Amazon Recommender System Case Study
Presented on 31st October 2021 by Jihyun
Table of contents
Recommender System
What Is Recommender System?
Recommendation System predicts a user’s preference for a product and serves personalized recommendations based on the prediction.
Relationships Among Users and Products
- User-Product Relationship - Does this user have a preference for this product?
- Product-Product Relationship - Is product A similar to product B?
- User-User Relationship - Is user A similar to user B?
Relationships Provide Insight
- User-Product Relationship - What books will an user like?
- Product-Product Relationship - If an user buys a phone, what else will they buy?
- User-User Relationship - If Heath knows Taeim, and Taeim knows Jung, will Heath know Jung?
Insight Is Monetizable
When a service recommends more personalized offers, users are more likely to make a purchase. This is how many businesses use the insignt for monetization. In fact, 35% of Amazon’s transactions come from recommendation algorithm.
- As the service acquires more users, they gain a larger dataset and therefore a better insight.

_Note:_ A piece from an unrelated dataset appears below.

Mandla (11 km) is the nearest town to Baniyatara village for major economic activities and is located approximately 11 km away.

- The recommendations become more accurate.
- Users are satisfied with the recommendations, and this attracts more users.
Type of Recommendations
Content Based Filtering
Finding products with similar attributes
- User purchases item A.
- Find items that have similar attributes with item A.
- Recommend these items to the user.
Collaborative Filtering
Find products liked by users with similar interests
- Jung purchases item A and B.
- Taeim purchases item A, B and C.
- Machine learning model learns that Jung and Taeim have common interests.

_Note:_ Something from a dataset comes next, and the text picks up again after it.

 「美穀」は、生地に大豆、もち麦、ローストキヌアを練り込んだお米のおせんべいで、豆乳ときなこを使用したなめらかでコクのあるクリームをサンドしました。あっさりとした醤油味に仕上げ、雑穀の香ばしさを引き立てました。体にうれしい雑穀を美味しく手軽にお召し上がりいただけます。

- Jung might also like item C. Recommend item C to Jung.
Association Rules Learning
Find complementary products
- Many people who buy phones also buy phone cases.
- Machine learning model learns the association rule between phones and phone cases.
- Recommend phone cases to users who purchase phones.
How Amazon Uses Recommender System
Step 1: Data Processing
Two Types of Data Processing
- Batch Processing
- Processes large volume of data all at once (periodically)
- Use cases: Payroll, billing, orders from customers
- Google Dataflow, Amazon Kinesis, Azure Stream Analytics
- Stream Processing
- Processes large volume of data all at once (periodically)
- Use cases: Payroll, billing, orders from customers
- Google Dataflow, Amazon Kinesis, Azure Stream Analytics
Gathering Basic Data - Batch Processing
Batch processing is mainly used to gather basic data that don’t change often or don’t need to be updated in real time.
- User delivery address
- Item price, brand, color, size, weight, material, etc.
- Availability based on location
- Special deals
Gathering Behavioral Data - Streaming
Streaming is mainly used to gather behavioral data that need to be updated in real time.
- Browsing history
- Purchase history
Step 2: Data Transformation
Gathered data are transformed into appropriate format (e.g. JSON, CSV, etc.) and provided to the machine learning model.
Step 3: Machine Learning Model Renewal
- Machine learning model is trained from the data provided in step 2.
- Model accuracy is evaluated based on user feedback (e.g. User purchased 2 itmes out of 10 recommendations).
- Item scoring is used to rank the recommendations. Scoring can depend on many factors, examples include:
- Given an item is displayed to a user, how likely is the user to click the item?
- Given a user clicked an item, how likely is the user to purchase the item?
- Given a user purchased an item, how likely is the user to be satisfied with the item?
The Big Picture
- Data Pipeline regularly copies the full contents of a DynamoDB(NoSQL DB) table as JSON into an S3.
- Exported JSON files are converted to CSV format to use as a data source for SageMaker(AI platform).
- SageMaker renews the model artifact.
- The converted CSV is available for ad hoc queries with Amazon Athena(data warehouse).
- Data Pipeline repeats the cycle based on the schedule defined by customer requirements.